Here’s the problem with the game: I hate all the characters. Whether it’s intolerable neurosis, personalities like blocks of wood, or just awful voice acting, there’s not a single character I actually want to see succeed. It’s not often that a game shows me one of the most annoyingly voice-acted characters I’ve ever heard (hi, Lymlie!), and then two hours later introduces me to another one who’s even worse (hi, Sarah!).

With a game as story- and character-based as this one, characters one wants to

slap

is something of an insurmountable problem. As much as it’s full of stuff I do like, it’s just so grating in so many other ways I can’t recommend

Star Ocean: The Last Hope

at all.

TOM CLANCY’S H.A.W.X.

Platform: Xbox 360

Publisher: Ubisoft

On the one hand,

Tom Clancy’s H.A.W.X

. is fun, and it scratches a gaming itches I don’t get the opportunity to scratch that often anymore.
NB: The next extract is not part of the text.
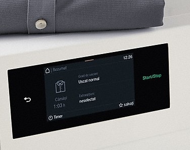 Fie ca e o pereche de blugi, o bluza sau doar un ciorap: gratie functiei AddLoad, puteti cu usurinta adauga orice rufe pe care le-ati uitat – pana aproape de finalul programului. Operatiunea e simpla: apasati butonul „Start/Add laundry“, iar usa se deschide la o apasare de buton.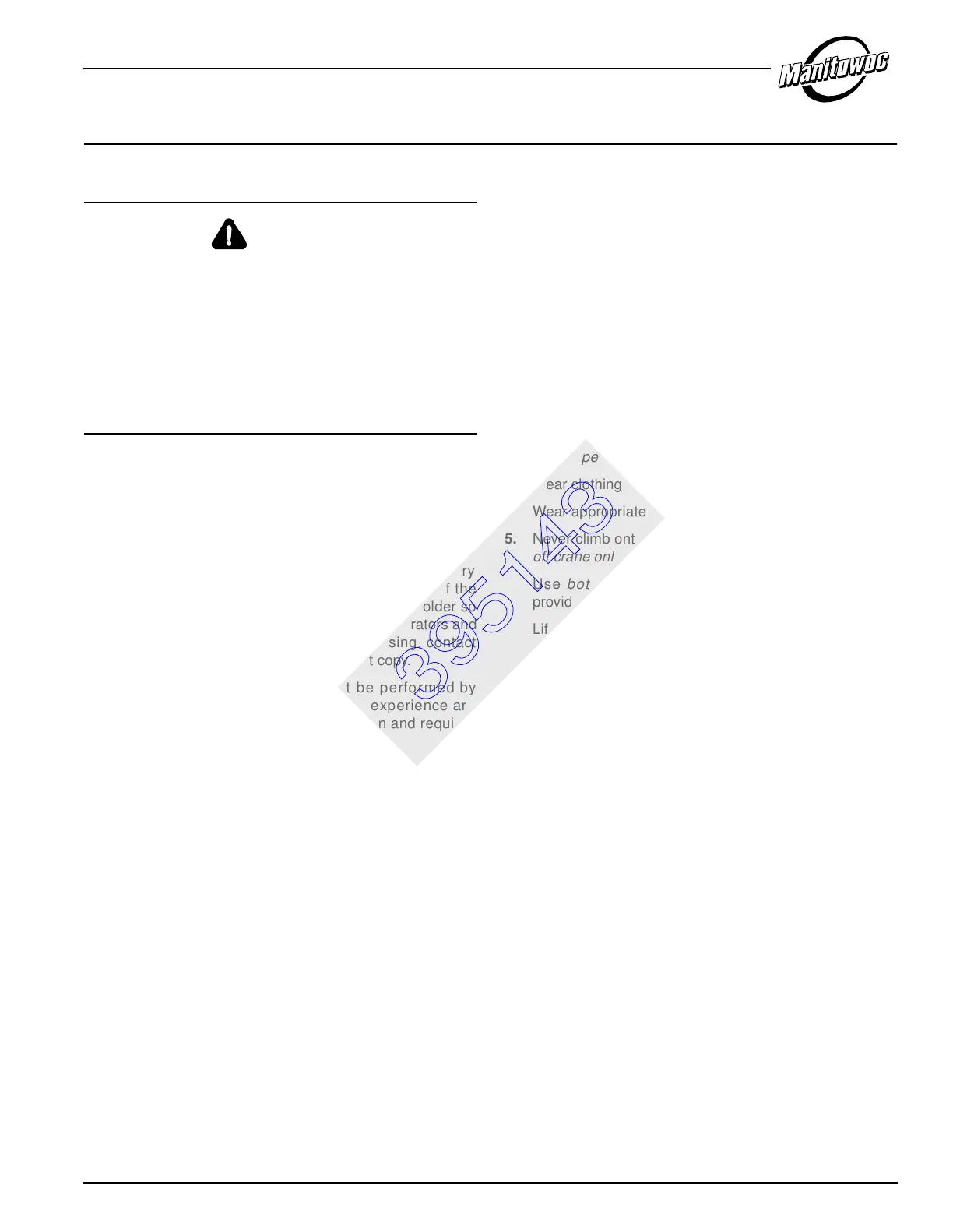 safe maintenance. Manitowoc cannot foresee all hazards

On the other hand, it’s short (I beat it in one day) and not deep.

It’s an arcade dogfighting game—arcade in this case meaning the planes carry hundreds of missiles and take a huge beating before crashing, and you never need to bother with keeping track of fuel or landing—where the player takes on the role of David Crenshaw, a US Air Force fighter pilot who finds a job with the Artemis Private Military Company after his *sigh* High Altitude Warfare eXperimental squadron is disbanded by the brass for budgetary reasons in 2012. Despite the “High Altitude” in the name, the game tends to focus on support of ground assets, so you’ll spend most of the game either attacking enemy ground forces, or shooting down enemy planes that are trying to attack allied ground forces or trying to stop you from attacking enemy ground forces. This isn’t a complaint—it’s nice to see a dogfight game that tries to portray air power as it’s used in actual conflict.

This being a Tom Clancy branded game, there’s a lot of emphasis on cool future tech—in this case, the Enhanced Reality System and Assistance OFF. ERS is a context-dependent onboard computer system that will chart attack or defense vectors for you and display them on your HUD as a series of rings you need to fly through. Want to attack a tank obscured by skyscrapers? Hit the X button, and the game will plot a course for you that’ll bring the tank into view. Under attack by missiles yourself? Hit X, and the ERS will plot an evasion course. It’s both an interesting way of integrating the traditional video game “Fly through these rings” flight challenges into normal gameplay and effectively communicates to the player that Captain Crenshaw is at the helm of top-of-the-line military equipment.

Assistance OFF is the opposite—double-tap one of the triggers and you’ll enter a third person mode where the camera is angled to display your plane and the enemy’s. Your plane becomes much more maneuverable, with the justification that Assistance OFF represents turning off the plane’s limiters, but this also means you can stall and crash if you don’t fly well. Since ERS is useless against more skilled enemy aces, I found myself moving to Assistance OFF during most dogfights, and using ERS against many ground targets. It’s a neat experience.

It’s just not one that produces lasting amusement to a jaded gamer such as myself. ERS and Assistance OFF together make the game very easy—it very nearly plays itself. With shallow multiplayer and shallow single-player, this game doesn’t have a lot of appeal. It is a great rental, because the game overall uses its interface to create a novel experience, but I probably won’t ever play it again. it does accomplish its goals well, though, and someone who hasn’t been playing dogfighting games since before they fell out of fashion last decade might find more lasting appeal in it than I did.